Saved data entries
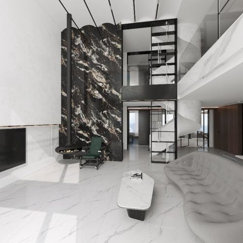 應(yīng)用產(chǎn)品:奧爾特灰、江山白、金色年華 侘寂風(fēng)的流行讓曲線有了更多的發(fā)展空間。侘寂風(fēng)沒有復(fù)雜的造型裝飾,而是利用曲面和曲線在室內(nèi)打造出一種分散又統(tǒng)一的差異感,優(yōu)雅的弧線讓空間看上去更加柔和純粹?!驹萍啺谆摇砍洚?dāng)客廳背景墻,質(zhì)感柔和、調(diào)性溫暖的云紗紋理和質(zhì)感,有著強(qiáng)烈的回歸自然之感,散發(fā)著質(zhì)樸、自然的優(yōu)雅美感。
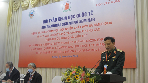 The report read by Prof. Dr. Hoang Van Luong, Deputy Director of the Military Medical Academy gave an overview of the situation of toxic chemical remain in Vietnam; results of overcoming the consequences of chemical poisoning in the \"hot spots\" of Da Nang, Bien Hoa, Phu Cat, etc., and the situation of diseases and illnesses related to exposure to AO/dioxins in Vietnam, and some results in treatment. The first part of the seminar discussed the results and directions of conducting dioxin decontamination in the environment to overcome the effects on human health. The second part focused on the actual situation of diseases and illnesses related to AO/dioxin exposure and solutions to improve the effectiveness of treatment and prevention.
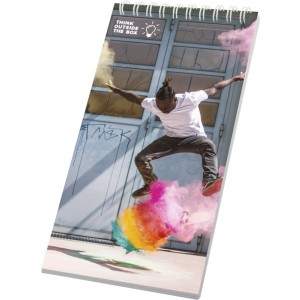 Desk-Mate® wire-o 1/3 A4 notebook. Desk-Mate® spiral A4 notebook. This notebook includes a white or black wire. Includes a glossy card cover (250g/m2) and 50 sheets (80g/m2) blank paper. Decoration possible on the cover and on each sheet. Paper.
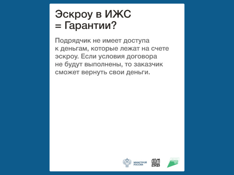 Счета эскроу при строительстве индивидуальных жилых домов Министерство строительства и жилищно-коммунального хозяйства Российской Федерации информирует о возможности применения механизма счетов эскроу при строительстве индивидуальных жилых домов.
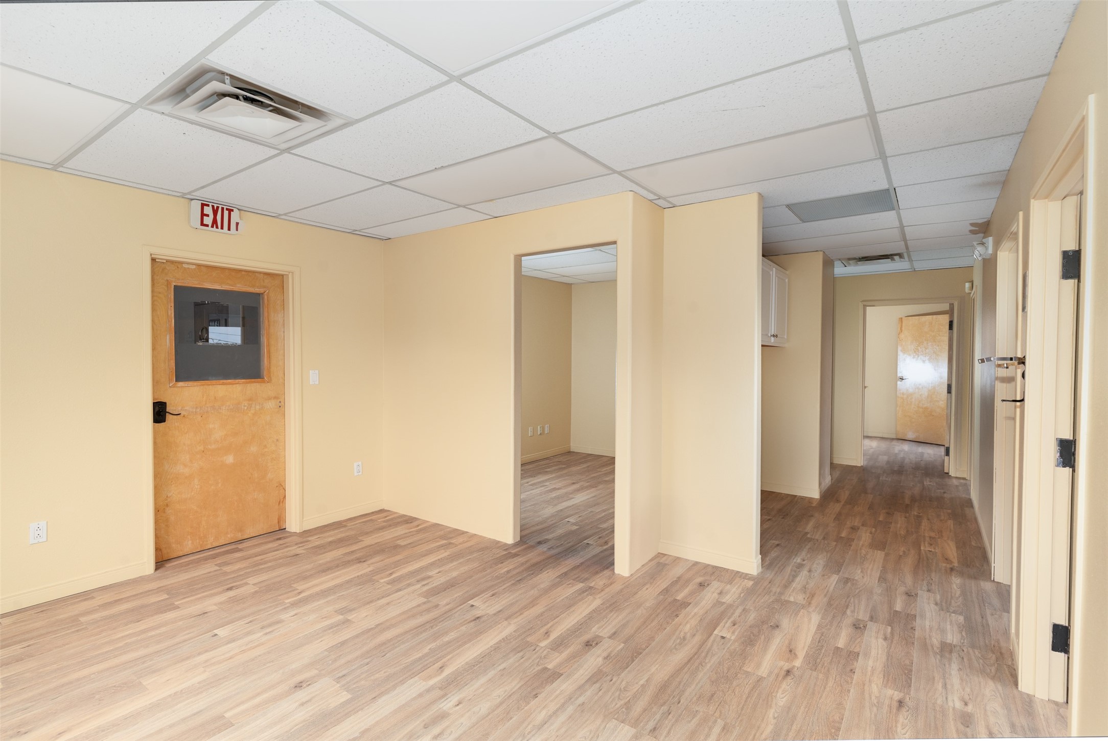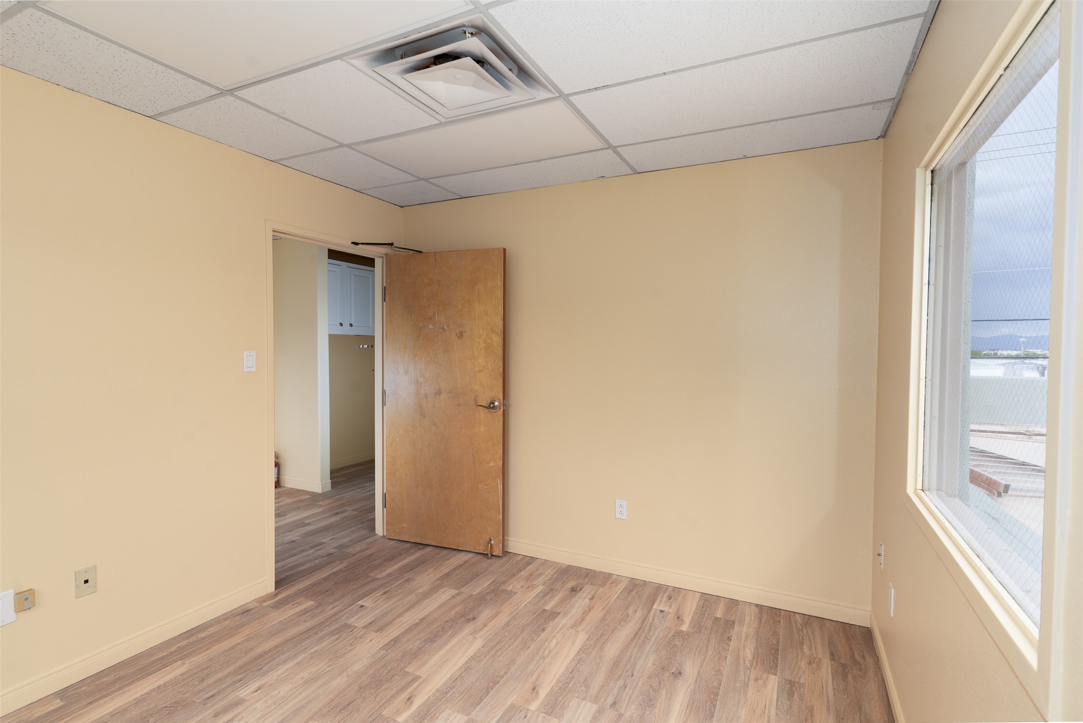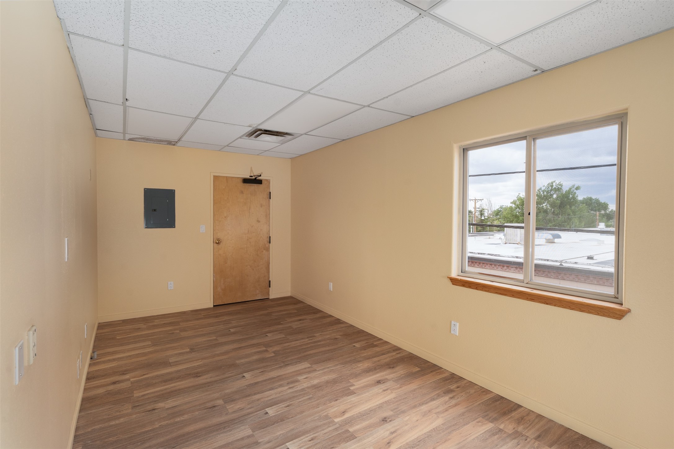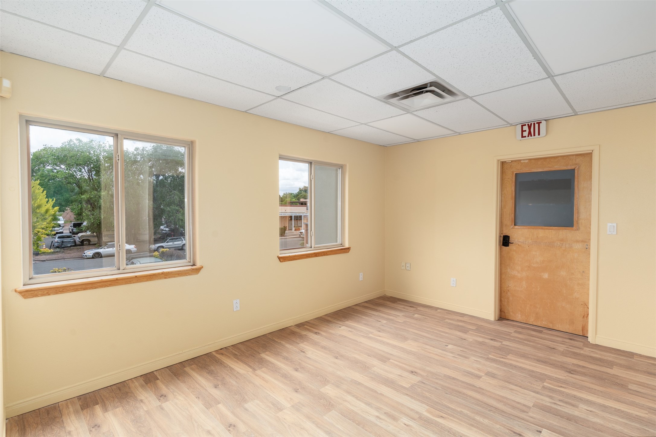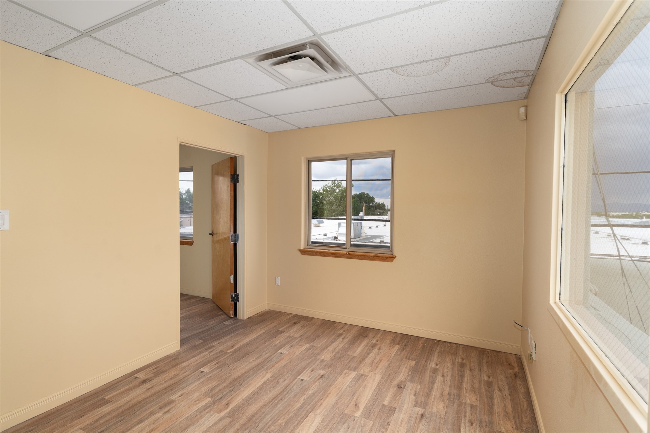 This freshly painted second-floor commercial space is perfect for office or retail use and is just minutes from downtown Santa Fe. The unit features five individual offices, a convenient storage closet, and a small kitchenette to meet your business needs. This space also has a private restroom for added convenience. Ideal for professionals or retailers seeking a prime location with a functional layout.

## The problem
All entries above should be returned exactly, apart from their pictures.

## Answer for the task
 應(yīng)用產(chǎn)品:奧爾特灰、江山白、金色年華 侘寂風(fēng)的流行讓曲線有了更多的發(fā)展空間。侘寂風(fēng)沒有復(fù)雜的造型裝飾,而是利用曲面和曲線在室內(nèi)打造出一種分散又統(tǒng)一的差異感,優(yōu)雅的弧線讓空間看上去更加柔和純粹?!驹萍啺谆摇砍洚?dāng)客廳背景墻,質(zhì)感柔和、調(diào)性溫暖的云紗紋理和質(zhì)感,有著強(qiáng)烈的回歸自然之感,散發(fā)著質(zhì)樸、自然的優(yōu)雅美感。
 The report read by Prof. Dr. Hoang Van Luong, Deputy Director of the Military Medical Academy gave an overview of the situation of toxic chemical remain in Vietnam; results of overcoming the consequences of chemical poisoning in the \"hot spots\" of Da Nang, Bien Hoa, Phu Cat, etc., and the situation of diseases and illnesses related to exposure to AO/dioxins in Vietnam, and some results in treatment. The first part of the seminar discussed the results and directions of conducting dioxin decontamination in the environment to overcome the effects on human health. The second part focused on the actual situation of diseases and illnesses related to AO/dioxin exposure and solutions to improve the effectiveness of treatment and prevention.
 Desk-Mate® wire-o 1/3 A4 notebook. Desk-Mate® spiral A4 notebook. This notebook includes a white or black wire. Includes a glossy card cover (250g/m2) and 50 sheets (80g/m2) blank paper. Decoration possible on the cover and on each sheet. Paper.
 Счета эскроу при строительстве индивидуальных жилых домов Министерство строительства и жилищно-коммунального хозяйства Российской Федерации информирует о возможности применения механизма счетов эскроу при строительстве индивидуальных жилых домов.
 This freshly painted second-floor commercial space is perfect for office or retail use and is just minutes from downtown Santa Fe. The unit features five individual offices, a convenient storage closet, and a small kitchenette to meet your business needs. This space also has a private restroom for added convenience. Ideal for professionals or retailers seeking a prime location with a functional layout.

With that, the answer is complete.